Given entries:
---------------

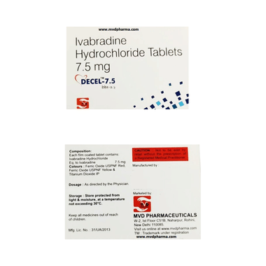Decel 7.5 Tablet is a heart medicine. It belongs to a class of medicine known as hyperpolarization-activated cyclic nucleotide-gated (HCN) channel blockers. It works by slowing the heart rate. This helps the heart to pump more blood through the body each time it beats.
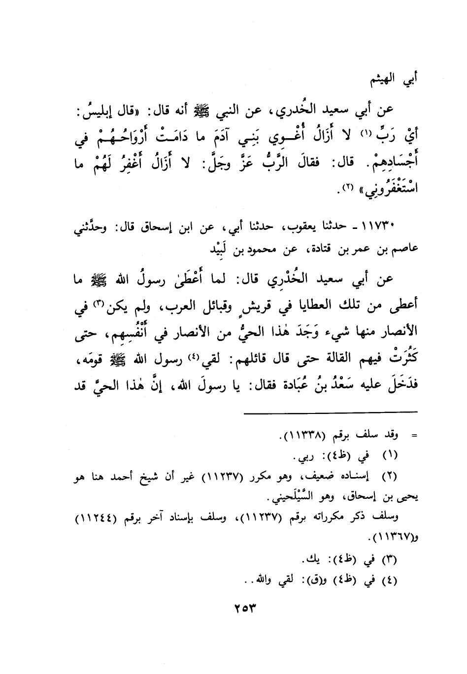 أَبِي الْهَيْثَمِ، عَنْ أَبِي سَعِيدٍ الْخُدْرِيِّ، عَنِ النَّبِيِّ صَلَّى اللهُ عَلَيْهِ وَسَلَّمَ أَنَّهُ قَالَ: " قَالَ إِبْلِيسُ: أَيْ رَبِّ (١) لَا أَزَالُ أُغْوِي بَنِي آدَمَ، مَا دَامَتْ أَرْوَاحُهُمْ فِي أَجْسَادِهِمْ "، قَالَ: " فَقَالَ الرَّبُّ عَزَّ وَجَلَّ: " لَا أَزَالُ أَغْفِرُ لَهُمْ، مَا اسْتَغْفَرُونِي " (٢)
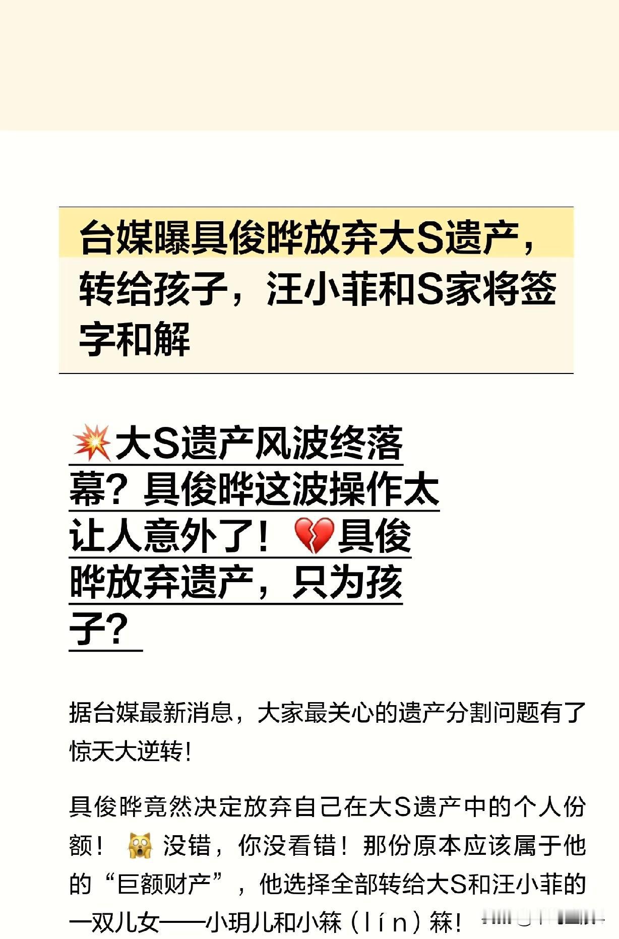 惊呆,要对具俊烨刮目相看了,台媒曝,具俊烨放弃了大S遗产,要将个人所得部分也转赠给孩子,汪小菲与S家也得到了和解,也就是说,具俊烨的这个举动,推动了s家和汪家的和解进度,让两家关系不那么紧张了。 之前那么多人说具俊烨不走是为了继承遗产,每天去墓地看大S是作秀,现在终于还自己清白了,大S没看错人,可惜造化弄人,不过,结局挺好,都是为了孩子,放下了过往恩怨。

---------------

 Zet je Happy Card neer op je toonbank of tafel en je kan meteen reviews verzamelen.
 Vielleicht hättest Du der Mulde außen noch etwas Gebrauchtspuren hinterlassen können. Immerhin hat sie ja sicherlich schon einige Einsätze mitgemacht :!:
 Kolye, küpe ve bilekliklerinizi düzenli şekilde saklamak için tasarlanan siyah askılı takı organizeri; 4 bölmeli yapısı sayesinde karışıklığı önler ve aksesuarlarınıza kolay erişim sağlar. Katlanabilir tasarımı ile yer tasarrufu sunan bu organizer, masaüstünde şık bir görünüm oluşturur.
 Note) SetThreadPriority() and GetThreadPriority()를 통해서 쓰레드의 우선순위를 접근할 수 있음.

---------------

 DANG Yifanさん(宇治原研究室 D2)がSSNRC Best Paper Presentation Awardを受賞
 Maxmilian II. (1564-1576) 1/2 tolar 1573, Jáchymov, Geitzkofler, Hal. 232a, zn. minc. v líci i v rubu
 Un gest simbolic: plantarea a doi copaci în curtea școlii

---------------

The answer should consist only of the lines above from the one with "Decel 7.5 Tablet" through the one with "惊呆,要对具俊烨刮目相看了,台媒曝,具俊", repeated exactly, with no pictures among them.

Written answer:
Decel 7.5 Tablet is a heart medicine. It belongs to a class of medicine known as hyperpolarization-activated cyclic nucleotide-gated (HCN) channel blockers. It works by slowing the heart rate. This helps the heart to pump more blood through the body each time it beats.
 أَبِي الْهَيْثَمِ، عَنْ أَبِي سَعِيدٍ الْخُدْرِيِّ، عَنِ النَّبِيِّ صَلَّى اللهُ عَلَيْهِ وَسَلَّمَ أَنَّهُ قَالَ: " قَالَ إِبْلِيسُ: أَيْ رَبِّ (١) لَا أَزَالُ أُغْوِي بَنِي آدَمَ، مَا دَامَتْ أَرْوَاحُهُمْ فِي أَجْسَادِهِمْ "، قَالَ: " فَقَالَ الرَّبُّ عَزَّ وَجَلَّ: " لَا أَزَالُ أَغْفِرُ لَهُمْ، مَا اسْتَغْفَرُونِي " (٢)
 惊呆,要对具俊烨刮目相看了,台媒曝,具俊烨放弃了大S遗产,要将个人所得部分也转赠给孩子,汪小菲与S家也得到了和解,也就是说,具俊烨的这个举动,推动了s家和汪家的和解进度,让两家关系不那么紧张了。 之前那么多人说具俊烨不走是为了继承遗产,每天去墓地看大S是作秀,现在终于还自己清白了,大S没看错人,可惜造化弄人,不过,结局挺好,都是为了孩子,放下了过往恩怨。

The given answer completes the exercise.